February 10, 2018

964 words 5 mins read

Dependencies Are Trouble Break Them Where Possible

Dependencies Are Trouble Break Them Where Possible

What is a dependency, why are they bad and how do we get rid of them?

What is a dependency?

A dependency is when your code depends on some other code. If you use a hard dependency (i.e. you create the object you want to use) then it’s difficult to change this to another, similar, object without changing your code.

As with most things in life, it’s easier to explain with an example.

Suppose we have an Auth.User class with the following methods:

namespace Auth {
    public class User {

        //static Constructor
        public static user Current() { blah blah }

        //has this user been granted this role
        public bool IsInRole(string role) { blah blah }

        //has this user been granted any roles?
        public bool IsInAnyRole() { blah blah }
    }
}

and we have a Requisition class that can only be viewed by someone with the viewer role and edited by someone with the editor role.

namespace MyProj {
    public class Requisition {
        public bool CanView() {
            return Auth.User.Current().IsInRole('viewer');
        }

        public bool CanEdit() {
            return Auth.User.Current().IsInRole('editor');
        }
    }
}

Ok, we’ve ignored implementation but we can see how this works, it’s fairly simple.
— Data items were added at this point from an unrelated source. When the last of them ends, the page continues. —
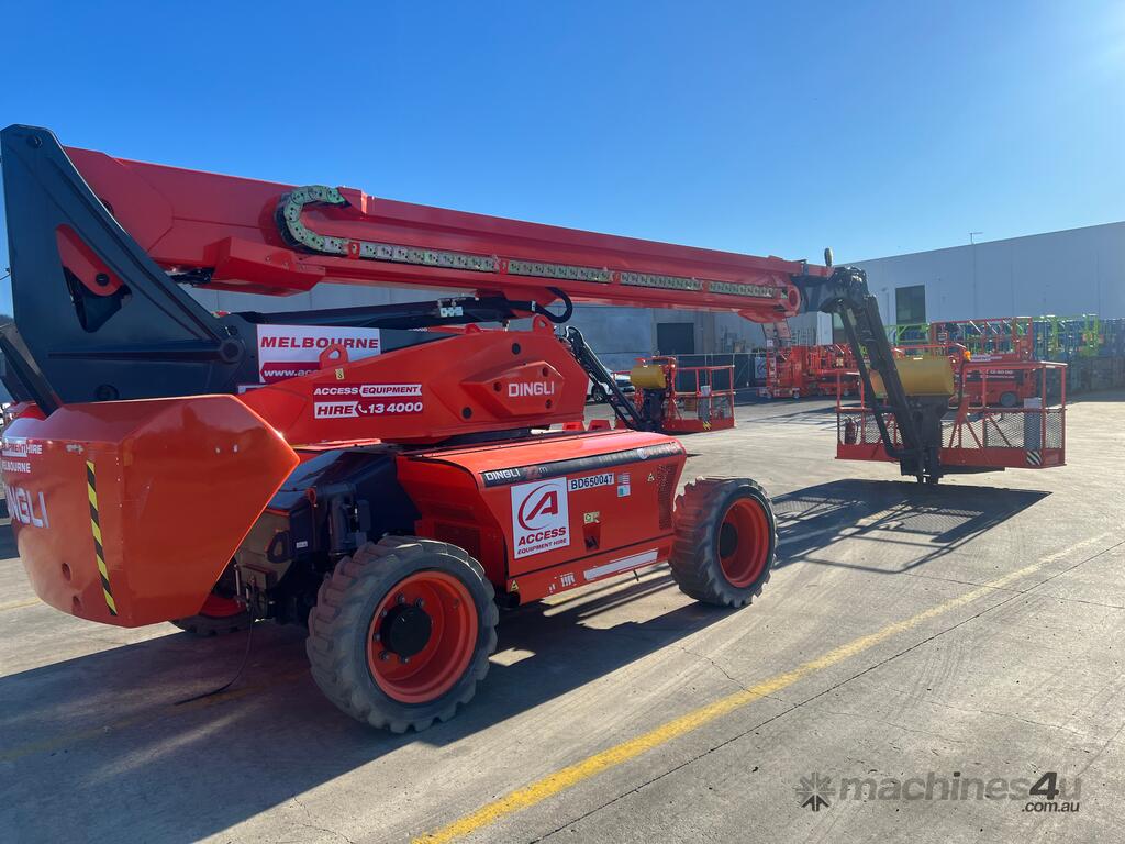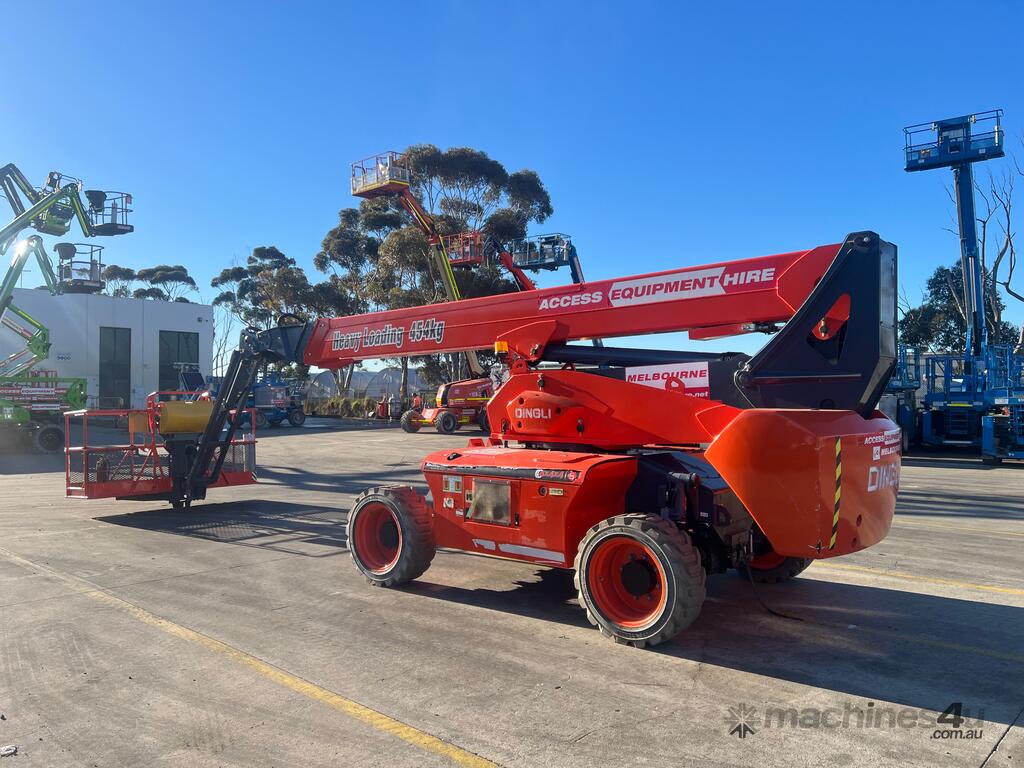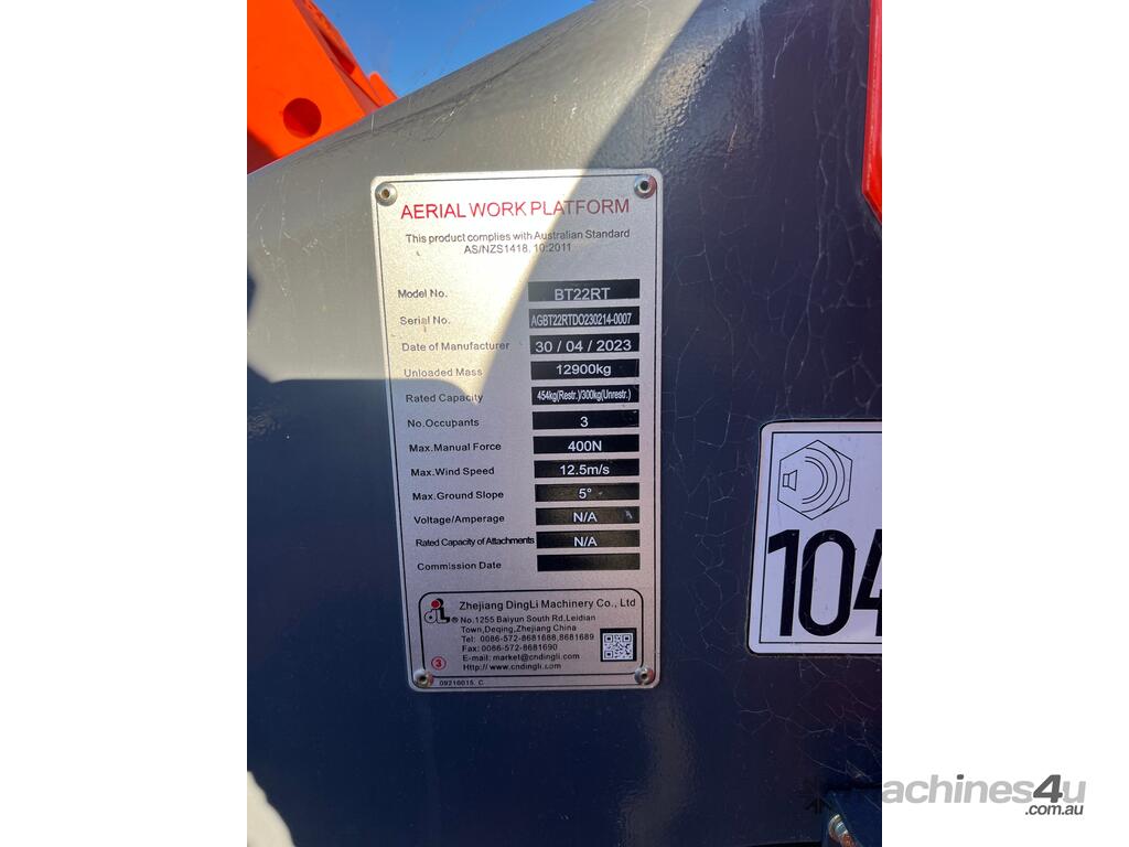 Our Dingli BT22RT, manufactured in 2023, is a 67ft diesel-powered telescopic boom lift designed for rough terrain and heavy-duty applications. It features a platform height of 67ft 4in (20.51m) and reaches a working height of 73ft 10in (22.51m), making it ideal for elevated outdoor operations. Powered by a robust Deutz 36.4kW engine, it supports up to 3 occupants and a safe working load of 454kg. Its 360° continuous turret rotation, 45% gradeability, and 2-wheel steer ensure efficient performance across large, uneven job sites.
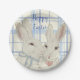 Whimsical Bunny Rabbits Blue Plaid Easter Paper Plate
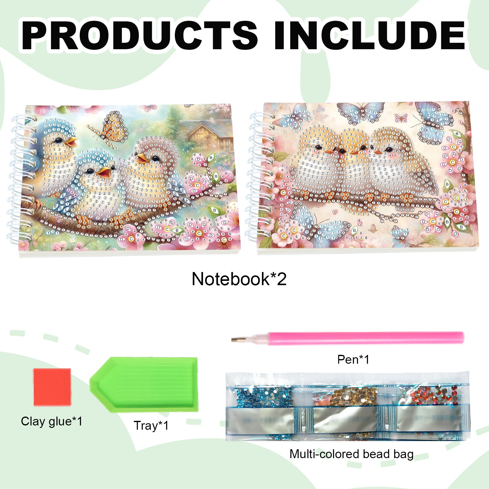 2 Pack Bluebird DIY Diamond Art Spiral Notebook Kit 80Pages No Lines for Adults
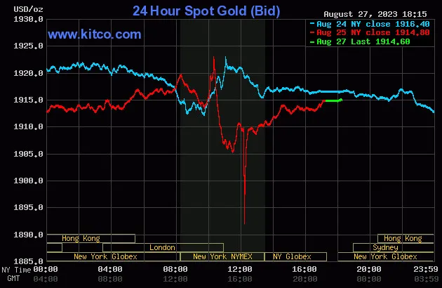 Vào lúc 5 giờ 15 phút sáng hôm nay 28/8 (giờ Việt Nam), giá vàng giao ngay thế giới niêm yết trên Kitco neo ở mức 1.914,60 USD/ounce, quy đổi tương đương 56,333 triệu đồng/lượng.
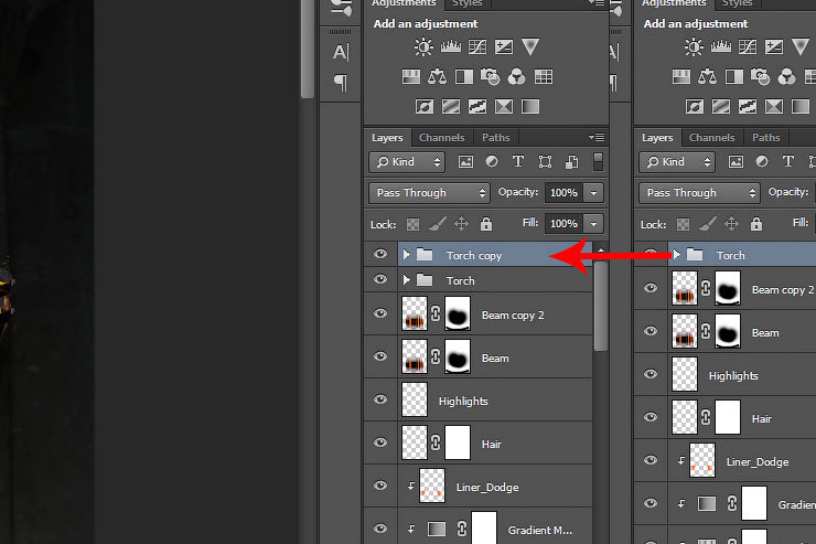 Создайте новую группу, поместите все слои, относящиеся к факелу и огню, в созданную группу. Далее, щёлкните правой кнопкой по слою с группой и в появившемся окне выберите опцию Создать дубликат группы (Duplicate Group).
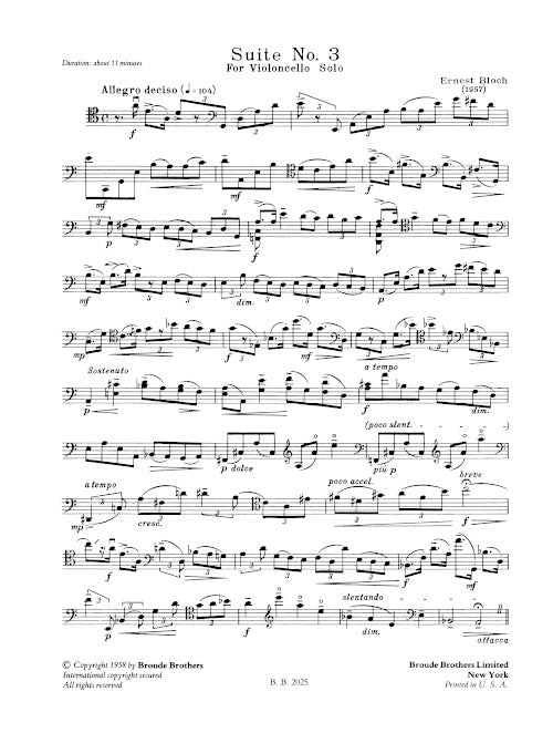 The Third Suite is the most expansive and philosophically weighty of the composer's set of cello suites. It feels more rhapsodic, weaving long‑breathed melodies with deeply resonant double‑stops and rich tonal exploration. The work’s expressive gravity, combined with its architectural coherence, gives it an almost epic character—often regarded as the spiritual culmination of the trilogy. [AI-generated]
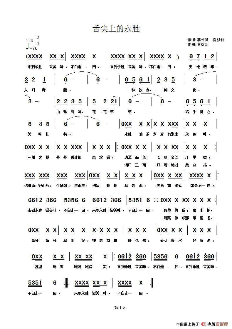 关于《舌尖上的永胜(3)》曲谱的评论
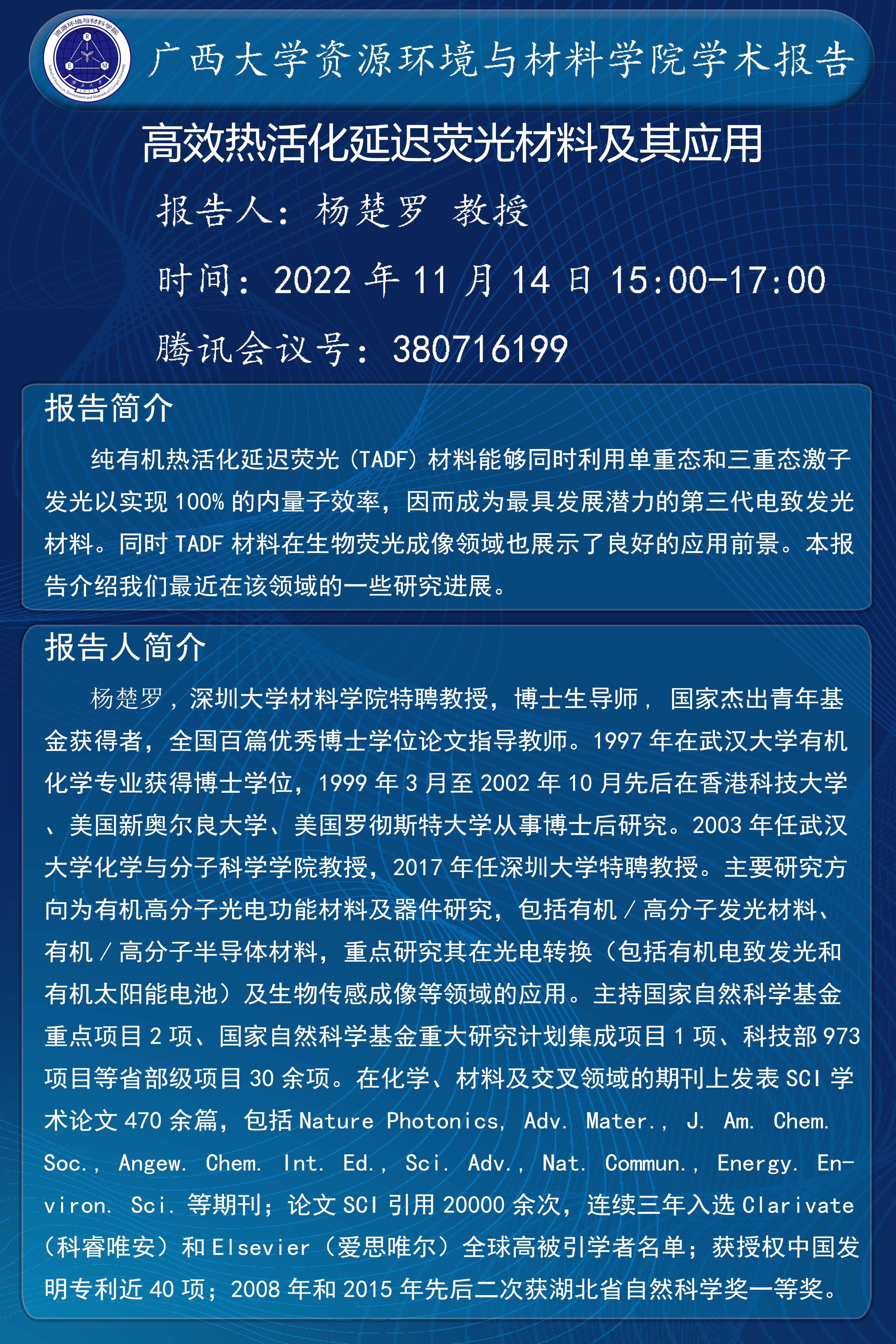 资源环境与材料学院学术报告:高效热活化延迟荧光材料及其应用

Sure there could be improvements and the design isn’t great.

Why is it bad?

Suppose User.Current() was designed to work on a web application using windows authentication (or any other form of auth really). Our app doesn’t care it just uses the Current() ctor and let’s the User class deal with that, and that’s quite correct, Requisition shouldn’t care about authenticating the user, just if the user is authorised to perform and action. So why could this be considered ‘bad’?

In a word: Testing. Specifically automated testing. I want to create a dummy user, with the viewer role, and check that is can view but cannot edit a requisition. When I run a unit test, it probably won’t be authenticated, so User.Current() will throw an exception (or worse return null) so my code won’t work (either I get a nice security exception telling me the current user isn’t authenticated, or I get an awful object not set to an instance of an object exception in .net!)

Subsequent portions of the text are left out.